Cronin and the quad stayed together into 2018 with Olympia Aldersey changed out for Saunders. At the 2018 World Rowing Cup II in Linz, they rowed to a bronze medal and then a sixth placing at the WRC III in Lucerne. At the 2018 World Rowing Championships in Plovdiv they finished in seventh place.

Cronin was out of the Australian quad in 2019 when they raced at World Cups and the World Championships and failed to qualify the boat for Tokyo. Before those delayed Tokyo Olympics at the final Olympic qualification regatta in Lucerne, Switzerland in May 2021 Cronin was back in the boat with Meredith, Harriet Hudson and Ria Thompson. They raced as Australian representative heavyweight quad, making a final attempt to qualify that boat. Victory in their heat and final saw them secure an Olympic berth. In Tokyo Cronin stroked the Australian quad.

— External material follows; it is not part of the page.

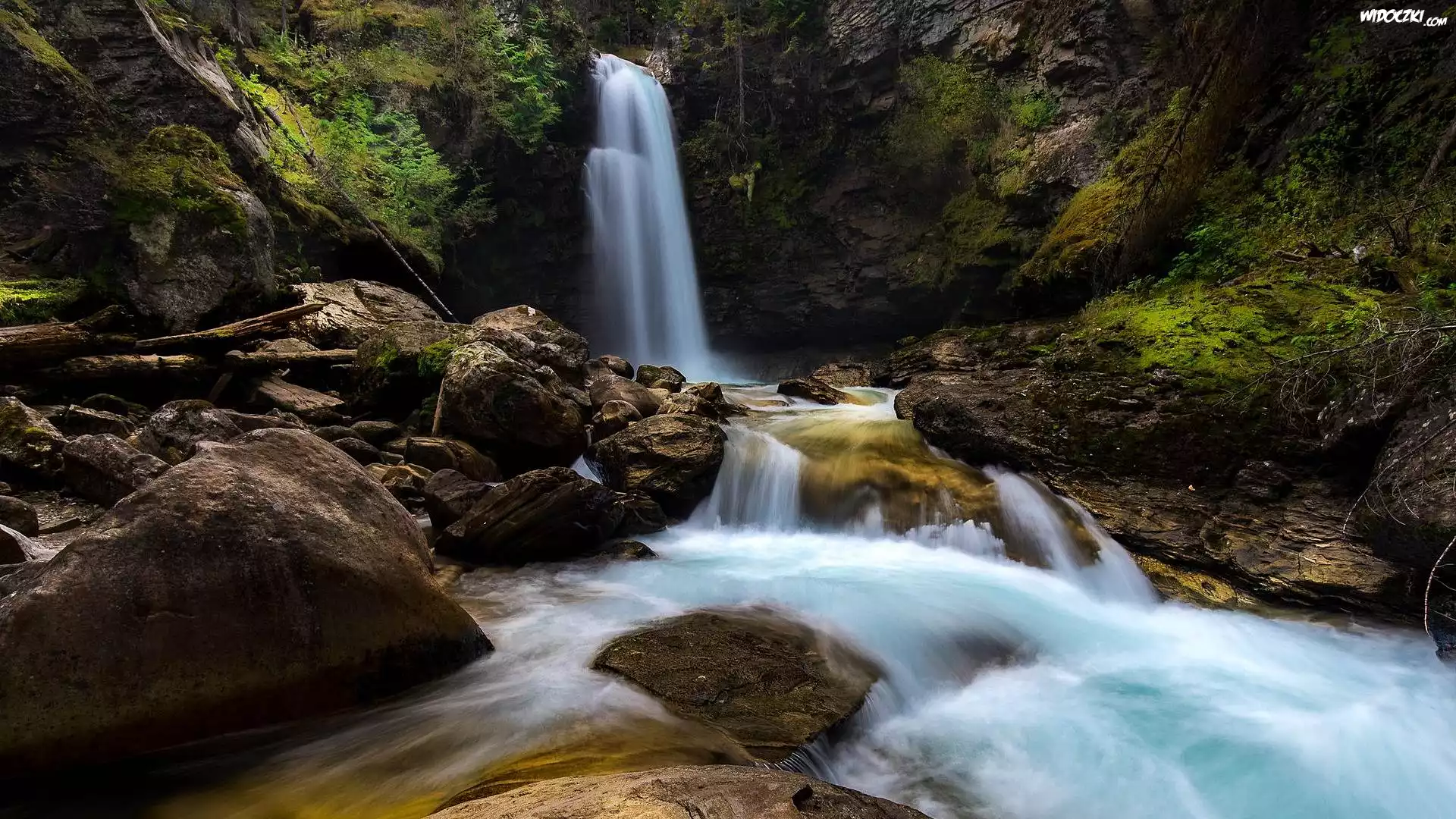 Zdjęcia, Skały, Rośliny, Wodospad, Rzeka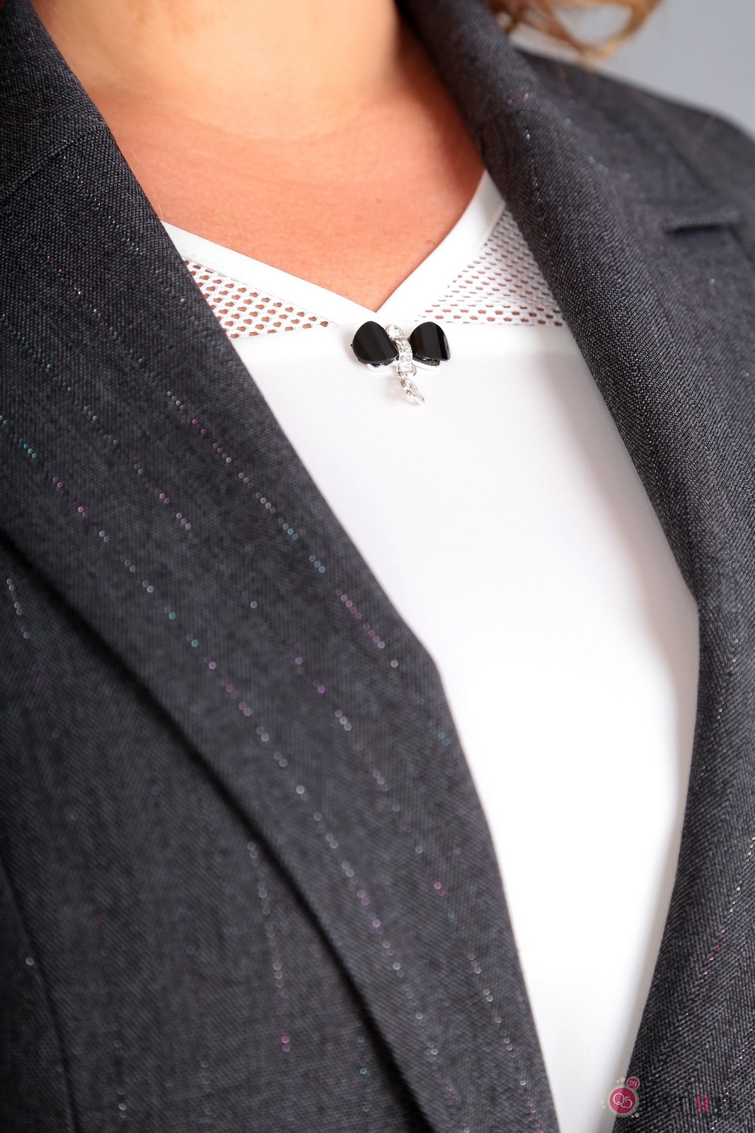 Жилет и брюки: полиэстер – 60% вискоза – 25% металл.нить– 15% Блуза: полиэстер – 80% вискоза – 20%

They placed fourth in their heat and then won the repechage to make the A final.
They were behind the lead for much of the race but winds had blown up before the event and some crews struggled with their bladework in the chop. The Australian quad kept their composure and excellent technique and managed a bronze medal finish on the line.

In March 2023 Cronin was again selected with Hudson, Thompson and Meredith as Australia's quad-scull for the 2023 international season. At the Rowing World Cup II in Varese, Italy they raced as Australia's W4X entrant. They made the B final and finished in overall eighth place. At 2023's RWC III in Lucerne, with Kathryn Rowan changed out for Ria Thompson, Cronin again raced in Australia's W4X. Again they finished 2nd in the B final for an overall eighth placing. At the 2023 World Rowing Championships in Belgrade Serbia, Cronin, Hudson, Rowan and Meredith were selected to race Australia's quad scull. They placed third in their heat and then 3rd in the A/B semi-final at which point they qualified an Australian W4X boat for the 2024 Paris Olympics. In the A final the quad finished fifth, giving them a fifth place world ranking from the regatta.